Amazon drives compute utilization by acting as librarian on public data sets

Found at the Wired blog, news that Amazon is hosting public data on its servers

As of Thursday, the annotated human genome, US Census data, and countless 3D renderings of molecules  are available on the elastic servers. And users can upload their own boatload of information, without a fee. But there is a catch: If you want to crunch numbers on their server, or store the output there, it will not be free.

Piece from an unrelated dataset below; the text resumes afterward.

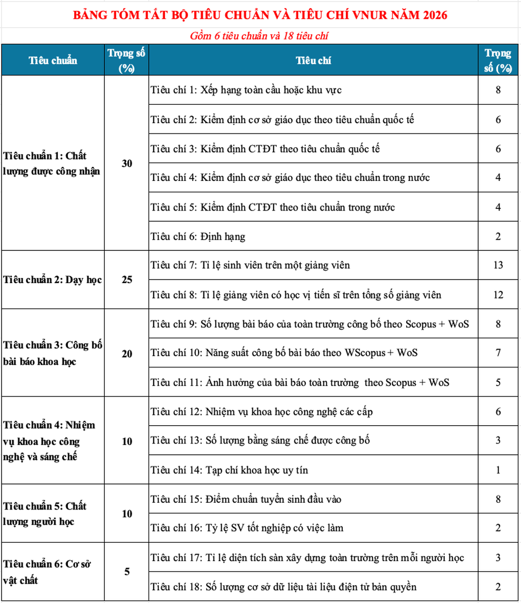 Bảng tóm tắt bộ tiêu chuẩn và tiêu chí xếp hạng đại học VNUR năm 2026 (Nguồn: Nhóm thực hiện).

…”Public Data Sets on AWS will enable me and many of my colleagues to collaborate with each other by sharing our commonly used data sets, research environments and tools,” Peter Tonellato of Harvard Medical School said in the press release. “We can set up a controlled environment in minutes, run our computational analysis for a couple of hours, and shut down the environment. Our results are completely repeatable. I only pay for the compute time I use, and more importantly I can spend more time focusing on research, not downloading and setting up computational infrastructure.”

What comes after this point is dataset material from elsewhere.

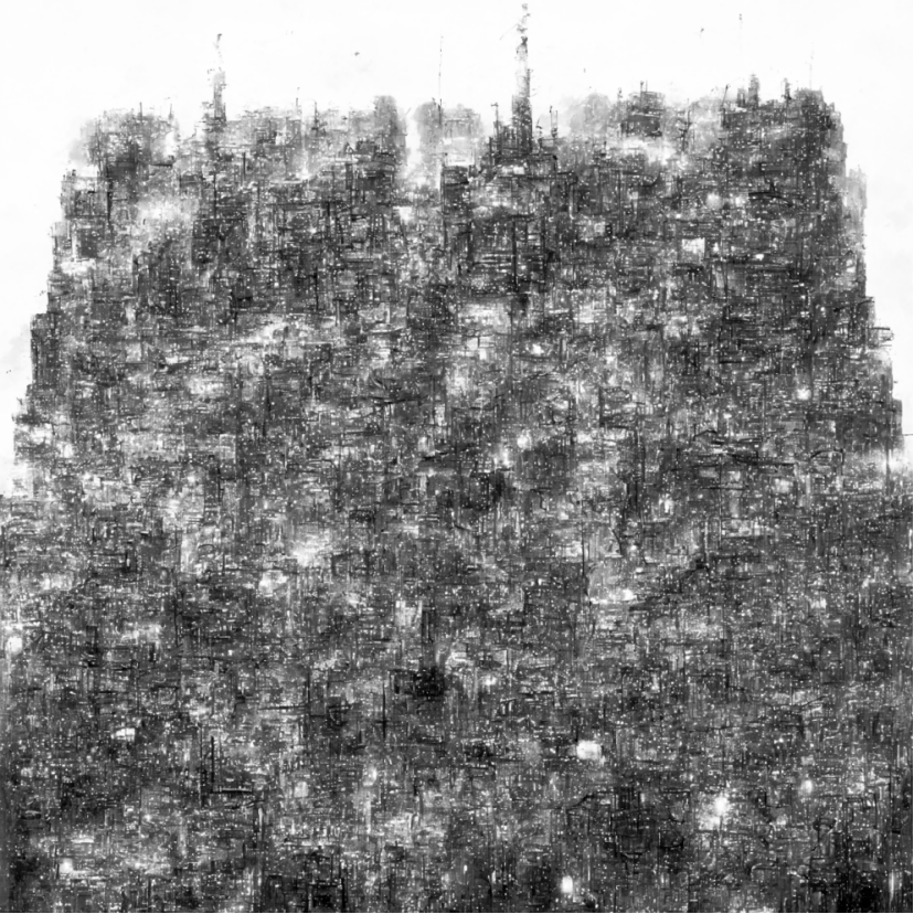 《沉积岩》是由16块30x30cm的铁板构成,工厂中腐蚀生锈的铁板经过车床刀具加工后,被处理得崭新锃亮,再在上面打印了由ai生成的工业城市图像。其中处理后的铁板仍然会留下刀具磨损的纹路,并与图像交相辉映。

Lest you forget that Amazon is a business, it looks like you cannot use Amazon as a universal data directory, just downloading the bits you want and computing on your own resources. From Amazon’s own website on the new offering

Select public data sets are hosted on Amazon EC2 for free as Amazon Elastic Block Store (Amazon EBS) snapshots. Amazon EC2 customers can access this data by creating their own personal Amazon EBS volumes, using the public data set snapshots as a starting point. They can then access, modify and perform computation on these volumes directly using their Amazon EC2 instances and just pay for the compute and storage resources that they use. If available, researchers can also use pre-configured Amazon Machine Images (AMIs) with tools like Inquiry by BioTeam to perform their analysis.